> **WORK REQUIRED**
Every entry is to be transcribed as it stands. Images stay out.

> **Items listed in a dataset**
· · ·

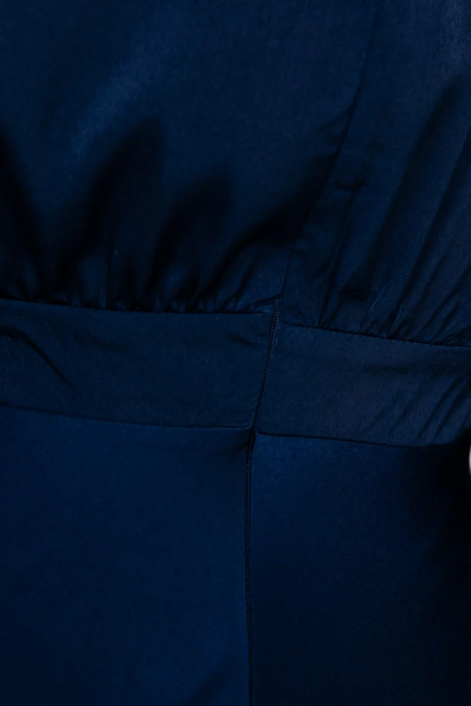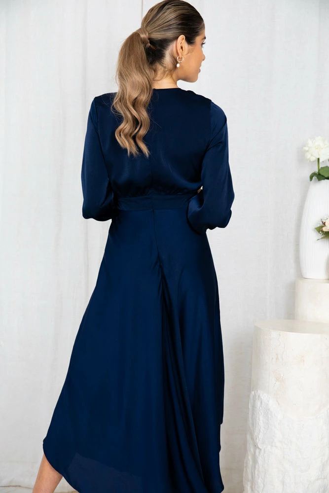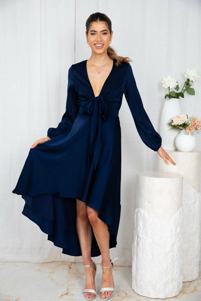 Our Bryleigh Dress comes in a navy blue tone. It features a v neckline and long bishop sleeves, coming together at the front with a fabric tie. This flowy midi pairs beautifully with heels for an effortless trans seasonal look!
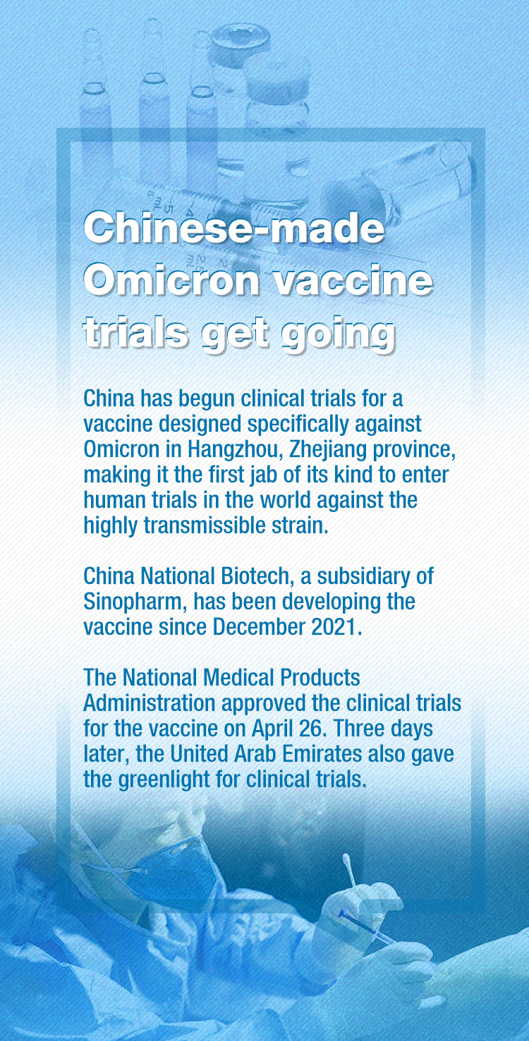 China began clinical trials for a vaccine designed specifically against the Omicron variant in Hangzhou, Zhejiang province, on Sunday, making it the first vaccine of its kind to enter human trials in the world against the highly transmissible COVID-19 strain.
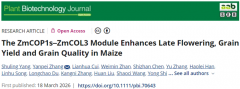 近日, Plant Biotechnology Journal 在线发表了由 河南农业大学杨建平课题组及其合作团队撰写的 The ZmCOP1sZmCOL3 Module Enhances Late Flowering, Grain Yield and Grain Quality in Maize 论文。该研究鉴定玉米中拟南芥 COP1 基因的两个同源基因 ZmCOP1a
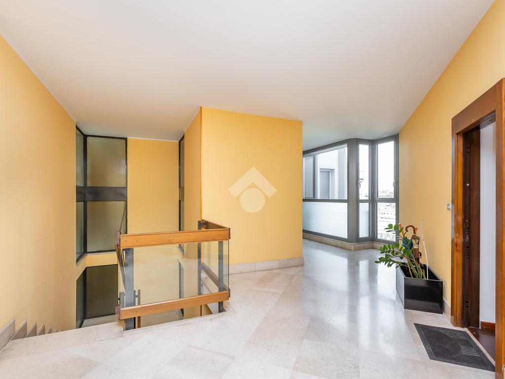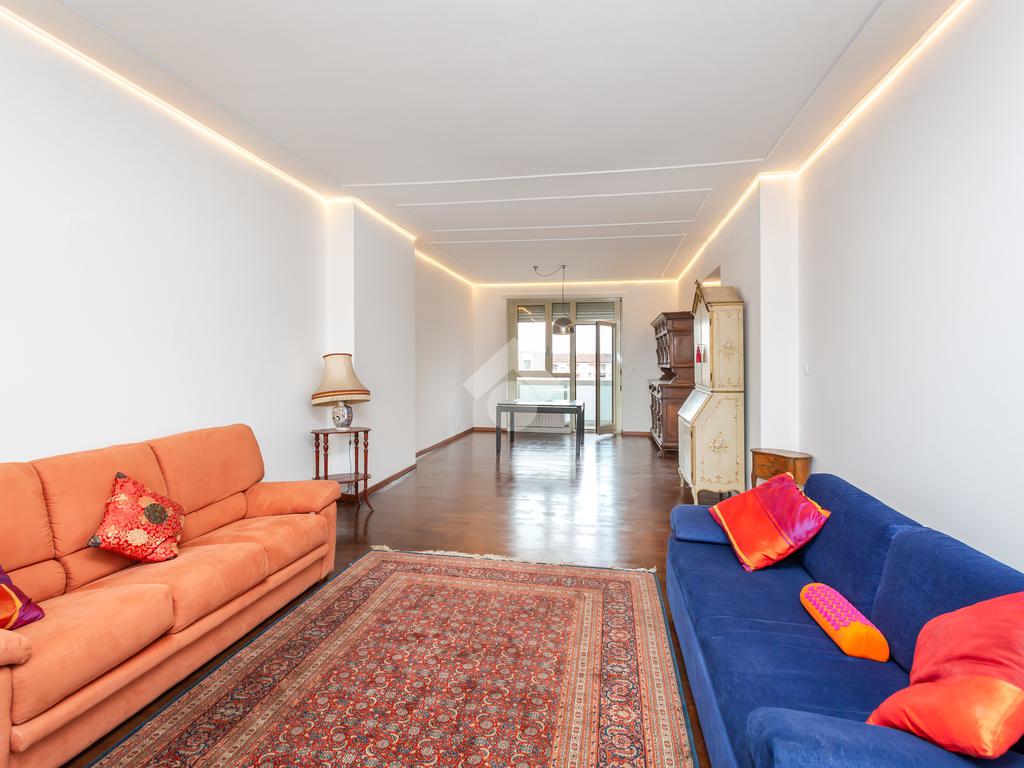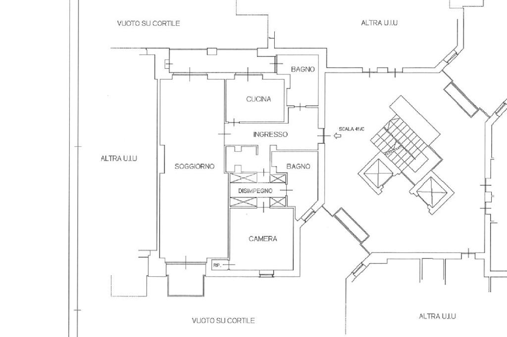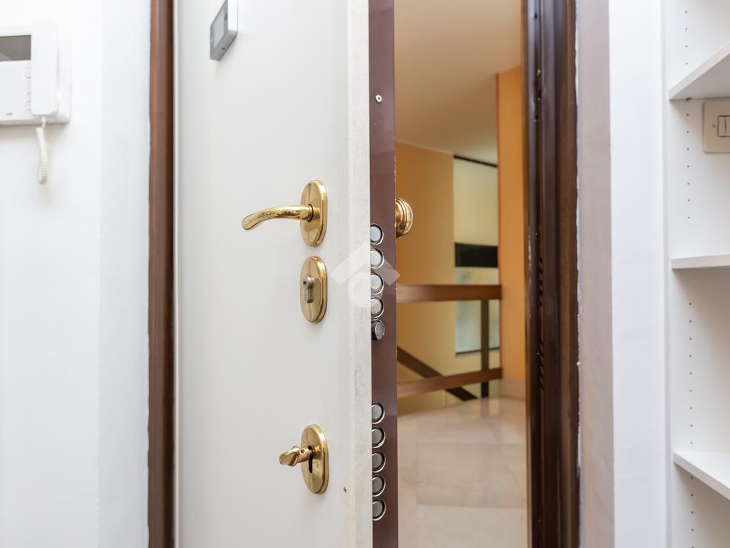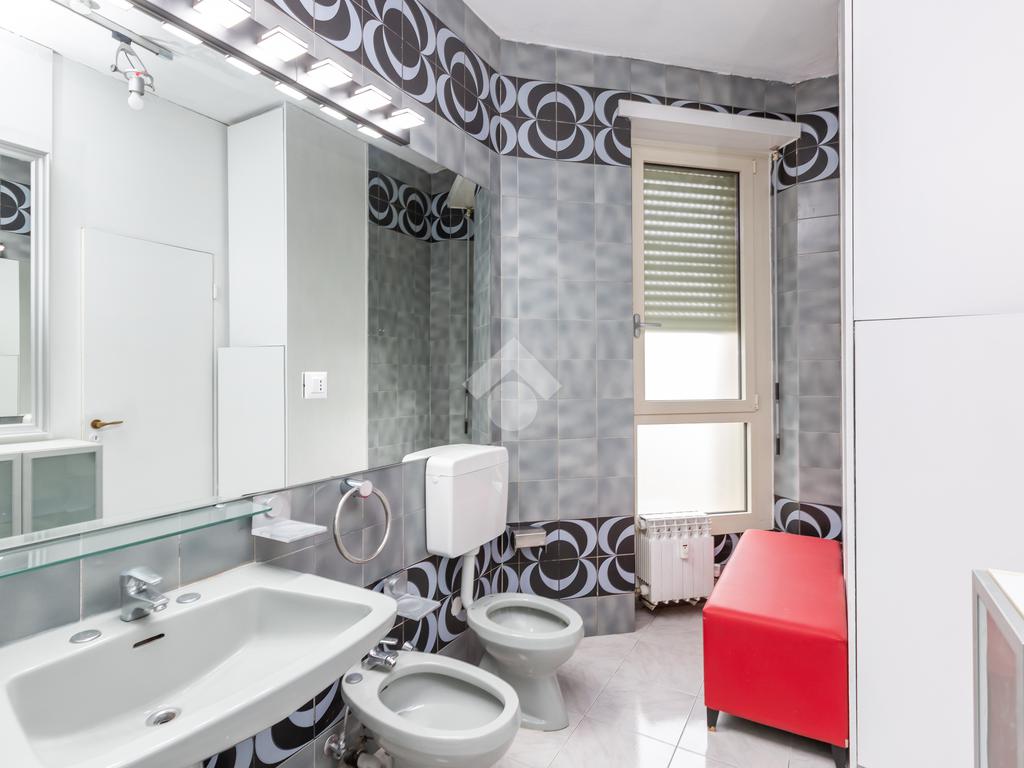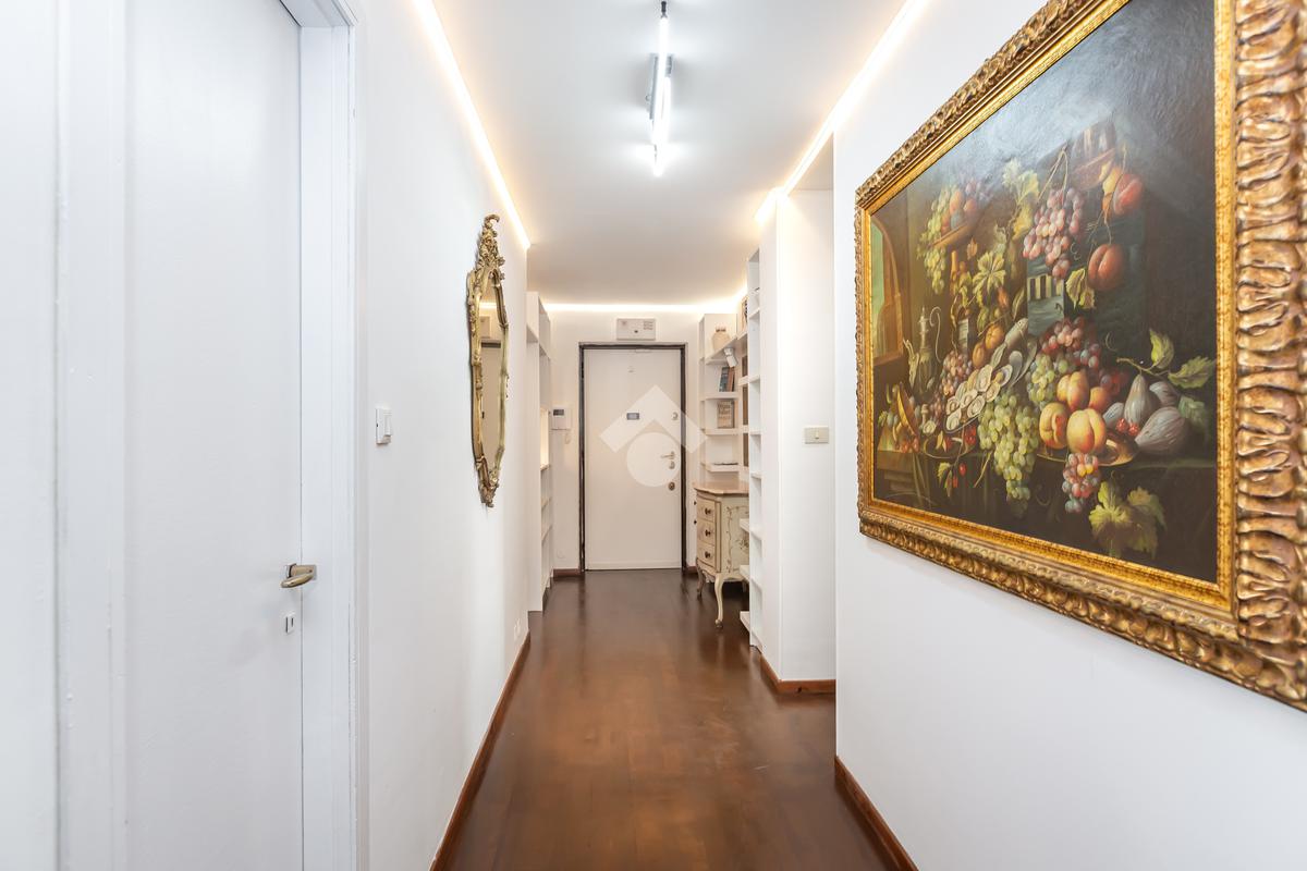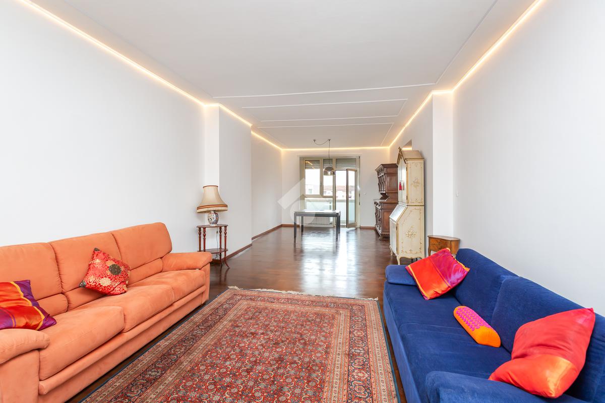 La scala dove si trova l’appartamento è dotata del doppio ascensore. L’immobile è sito al decimo ed ultimo piano. Il portoncino blindato ci accompagna su un ampio ingresso il quale divide in maniera ottimale ogni singolo ambiente. La cucina è abitabile ed affaccia sul cortile grazie al balcone. Il soggiorno è sicuramente l’ambiente più accogliente della casa e data la sua metratura, circa 44 mq, ci garantisce di godere in tutta comodità momenti di relax. Da entrambi i lati è munito di balcone. A servizio della zona giorno c’è un bagno, ad oggi munito di vasca e porta finestra per accedere al balcone comunicante con soggiorno e cucina. Grazie al disimpegno, il quale divide le due zone, si accede alla zona notte dove troviamo una camera da letto ed il secondo bagno, quest’ultimo con doccia e finestrato. Nel disimpegno oltre al ripostiglio, troviamo una seria di armadi a muro. Tutti gli infissi esterni sono in pvc con doppio vetro. Il sistema di riscaldamento nel condominio è il teleriscaldamento. Completa la proprietà un locale ad uso cantina sito al secondo piano interrato.
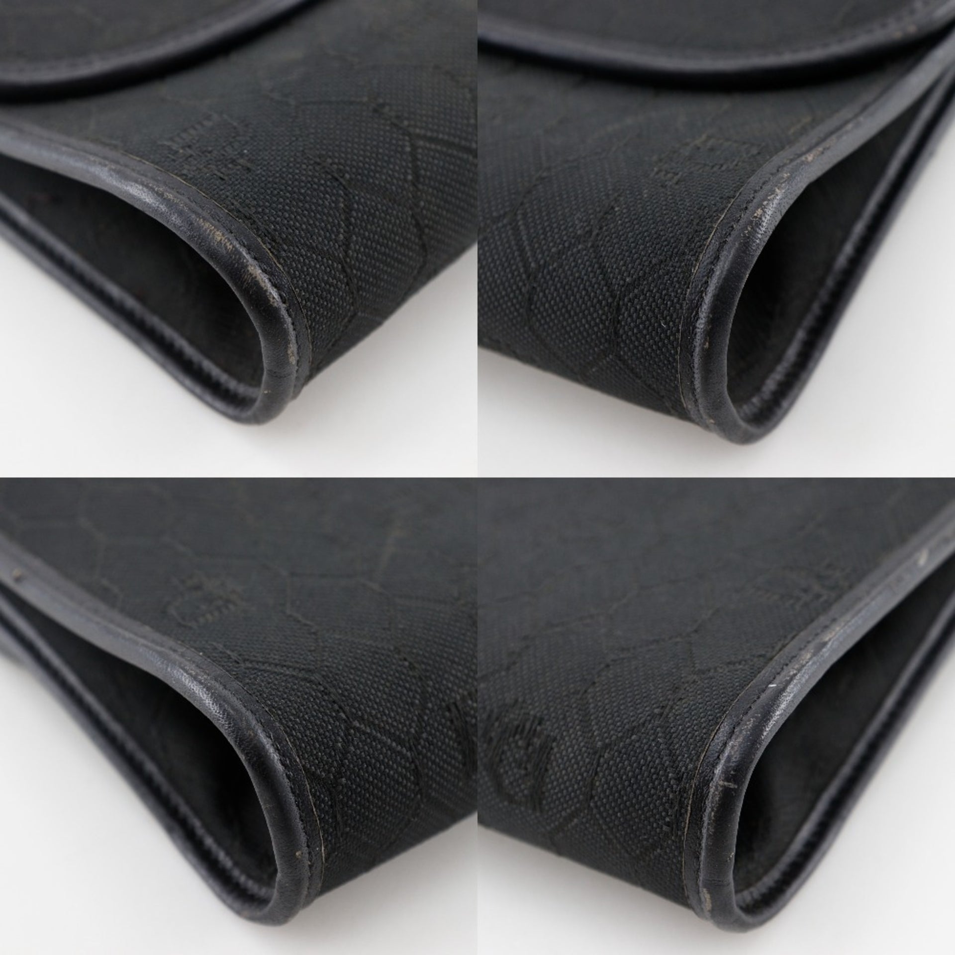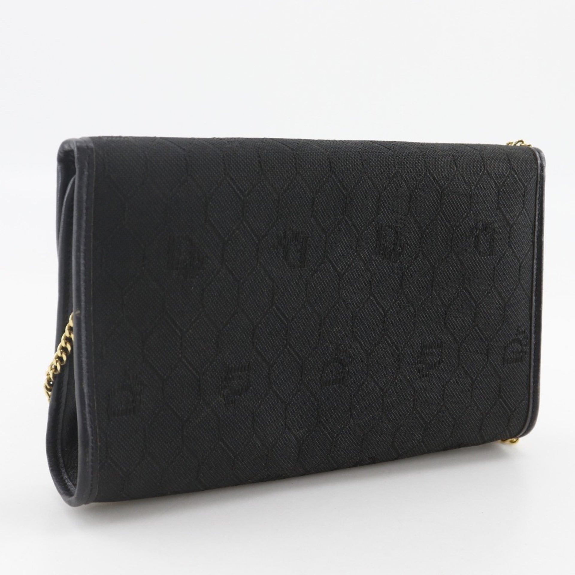 Christian Dior Chain Shoulder Bag, Honeycomb Pattern, Nylon Canvas, Black, Snap Button, Women\'s

· · ·

> **RESPONSE FOR THIS EXERCISE**
 Our Bryleigh Dress comes in a navy blue tone. It features a v neckline and long bishop sleeves, coming together at the front with a fabric tie. This flowy midi pairs beautifully with heels for an effortless trans seasonal look!
 China began clinical trials for a vaccine designed specifically against the Omicron variant in Hangzhou, Zhejiang province, on Sunday, making it the first vaccine of its kind to enter human trials in the world against the highly transmissible COVID-19 strain.
 近日, Plant Biotechnology Journal 在线发表了由 河南农业大学杨建平课题组及其合作团队撰写的 The ZmCOP1sZmCOL3 Module Enhances Late Flowering, Grain Yield and Grain Quality in Maize 论文。该研究鉴定玉米中拟南芥 COP1 基因的两个同源基因 ZmCOP1a
 La scala dove si trova l’appartamento è dotata del doppio ascensore. L’immobile è sito al decimo ed ultimo piano. Il portoncino blindato ci accompagna su un ampio ingresso il quale divide in maniera ottimale ogni singolo ambiente. La cucina è abitabile ed affaccia sul cortile grazie al balcone. Il soggiorno è sicuramente l’ambiente più accogliente della casa e data la sua metratura, circa 44 mq, ci garantisce di godere in tutta comodità momenti di relax. Da entrambi i lati è munito di balcone. A servizio della zona giorno c’è un bagno, ad oggi munito di vasca e porta finestra per accedere al balcone comunicante con soggiorno e cucina. Grazie al disimpegno, il quale divide le due zone, si accede alla zona notte dove troviamo una camera da letto ed il secondo bagno, quest’ultimo con doccia e finestrato. Nel disimpegno oltre al ripostiglio, troviamo una seria di armadi a muro. Tutti gli infissi esterni sono in pvc con doppio vetro. Il sistema di riscaldamento nel condominio è il teleriscaldamento. Completa la proprietà un locale ad uso cantina sito al secondo piano interrato.
 Christian Dior Chain Shoulder Bag, Honeycomb Pattern, Nylon Canvas, Black, Snap Button, Women\'s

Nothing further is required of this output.